Shinichi Ishimaru

From BR Bullpen

ShinichiIshimaru.jpg

Shinichi Ishimaru (石丸 進一)

  • Bats Right, Throws Right

BR register page

Biographical Information[edit]

Shinichi Ishimaru pitched in the Japanese Professional Baseball League before dying in a kamikaze attack during World War II. His brother Tokichi Ishimaru also played in the JPBL and his great-nephew Taisuke Ishimaru played in the American minor leagues..

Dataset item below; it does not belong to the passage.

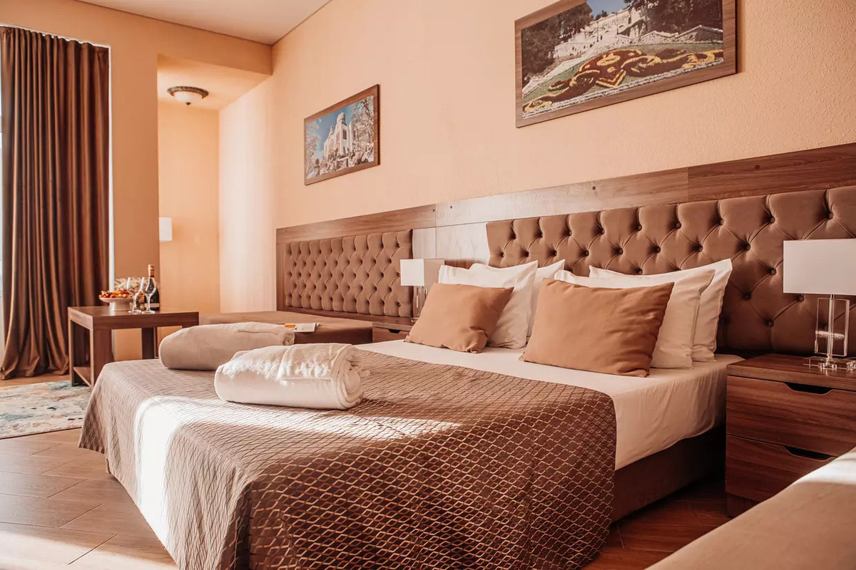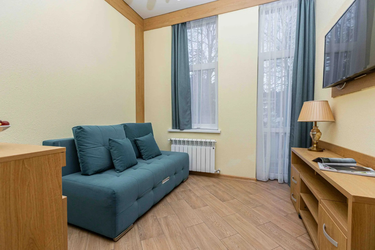 Отдыхаем с 20.10 по 04.11. Я не понимаю откуда взялись 5 звёзд, даже 3 с большой натяжкой. Начнём с порога - санаторий весь в строительных работах, т.е. из всех номеров первого этажа вид на ремонт. Т.е. людей заселили в стройвариант. Внутри воняет мокрой штукатуркой практически везде. При том, что он ещё в ремонте везде отваливается и трескается плитка. Персонал за редким исключением пугает своей недружелюбностью (могу выделить только оду женщину на ресепшине и охранника, вот им бы быть управляющими, только благодаря им решались быстро и вежливо какие-то вопросы). Уборка номера - это вынос мусора, ни чайные наборы, ни косметика ничего не пополняется, ложек нет, я конечно мою за собой чашку, но если забыла, то там она и стояла грязная, зеркала не протирали ни разу, полы убрали после того как повесила табличку, Полотенца не меняли, халаты тоже, пастель сменили на 8 день, когда сама попросила это сделать. Ресторан - отдельная тема, закуски одинаковые на завтрак, обед и ужин в течении всего времени. Ассортимент остальных блюд небольшой, ужины вкусные, обеды тоже, завтраки терпимые, но все это никак не санаторная еда. Всё оооочень жирное, много жареной еда, а пареной и варёной чуть и всегда одна и та же. В холодильнике вместе с кефиром стоит пиво, на ужин вино. Кофе пить невозможно. Вкусный чай, который ты сам можешь заварить в чайниках. Посадка в ресторане свободная, скатерти никто не меняет, поэтому приходится выбирать наименее грязный стол. Функционального персонала типа официантов и горничных явно крайне мало, зато куча непонятных соглядатых, которые по два-три человека стоят на входе в ресторане и в залах. Помещение спа зоны холодное, неуютное, бассейн хотелось бы немного теплее, хамам и сауны понравились, но тоже с недоделками. Души в раздевалках подубитые с грязными шторками. Кстати в номере также весит шторка в душевой, естественно не отличающаяся чистотой - напоминаю это номер делюкс в 5-тизвездочном премиум отеле. Слава богу взяли путёвку без лечения - бегали в др санатории. Шумоизоляция отвратительная. Везде расставлены пакеты с каким-то хламом. Ну не должны постояльцы 5, 4, да и 3 звезд видеть «грязное белье» отеля.

Ishimaru debuted with Nagoya as a middle infielder in 1941, hitting only .197/.236/.201 in 73 games, with 5 runs, 8 RBI and 22 errors. He moved to the mound in 1942 and was much better (17-19, 1.71). The JPBL was a pitcher-friendly league and he missed the top 10 in ERA by .03 behind Takao Misono. He was the ace of a team that was 19-41 when other pitchers got the decision, thus getting nearly half their wins. He tied Minoru Kasamatsu for 9th in the league in wins, was 4th in losses, was 7th in games pitched (56, between Tadashi Wakabayashi and Kasamatsu), tied Shuichi Hirose for 9th in complete games (18), was 6th in innings (347 2/3), ranked 8th in hits allowed (227), led with 169 walks (25 more than runner-up Shigezo Ishihara) and led with two balks.

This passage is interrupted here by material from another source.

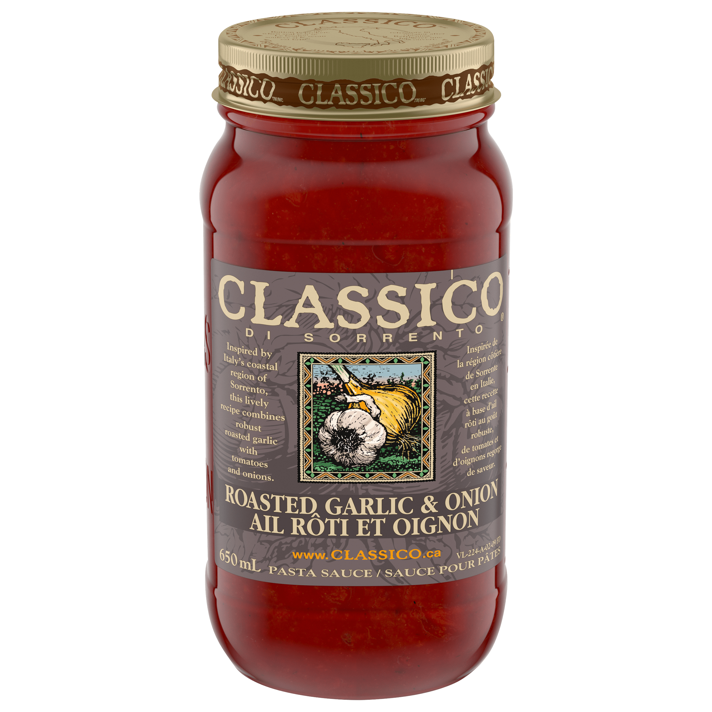 Inspired by Italy’s coastal region of Sorrento, Classico Roasted Garlic & Onion Pasta Sauce adds depth and texture to the classic tomato pasta sauce with roasted garlic and onions for an authentic Italian flavour that’s ready to elevate your meal. At Classico, we have been crafting Italian-inspired pasta sauces for more than 25 years. We use the finest ingredients including vine-ripened tomatoes, aromatic cheese and olive oil, and we select the best herbs and spices to complement each distinct flavor. These ingredients are combined using time-honoured recipes to create a just-like-homemade taste that you have come to enjoy and expect from Classico. We make it like you'd make it.

In 1943, #26 improved to 20-12, 1.16 with 185 hits in 311 1/3 innings. On October 12, he threw a no-hitter against Yamato, the last no-no in Japan prior to World War II. It was the second no-hitter in Nagoya annals, following Michio Nishizawa. He made the JBL leaderboard in ERA (4th after Hideo Fujimoto, Yasuo Hayashi and Wakabayashi), wins (tied for 4th with Hayashi), games pitched (43, tied for 5th with Eiji Katayama), complete games (27, tied for 5th with Hayashi), shutouts (6, 7th), innings (5th, between Takehiko Bessho and Hayashi), walks (134, 8th, between Juzo Sanada and Wakabayashi) and whiffs (91, 10th).

Ishimaru entered the Imperial Japanese Navy late in 1943. In April 1945, he was assigned to the Kamikaze Special Attack Force Jinrai Corps. In May 11, he was sent to attack Americans by Okinawa but his plane was shot down along the way and he died. Before his suicide flight, he had asked for a baseball and threw 10 pitches, with a reporter umpiring the calls. He was the only JBL player who would serve as a kamikaze pilot during the War.

Shinichi had gone 37-31 with a 1.45 ERA in 99 NPB games. He completed 45 of 63 starts, 9 of them for shutouts. He allowed only 412 hits in 659 innings though he walked 303. He hit .173/.218/.183 with 13 runs and 24 RBI.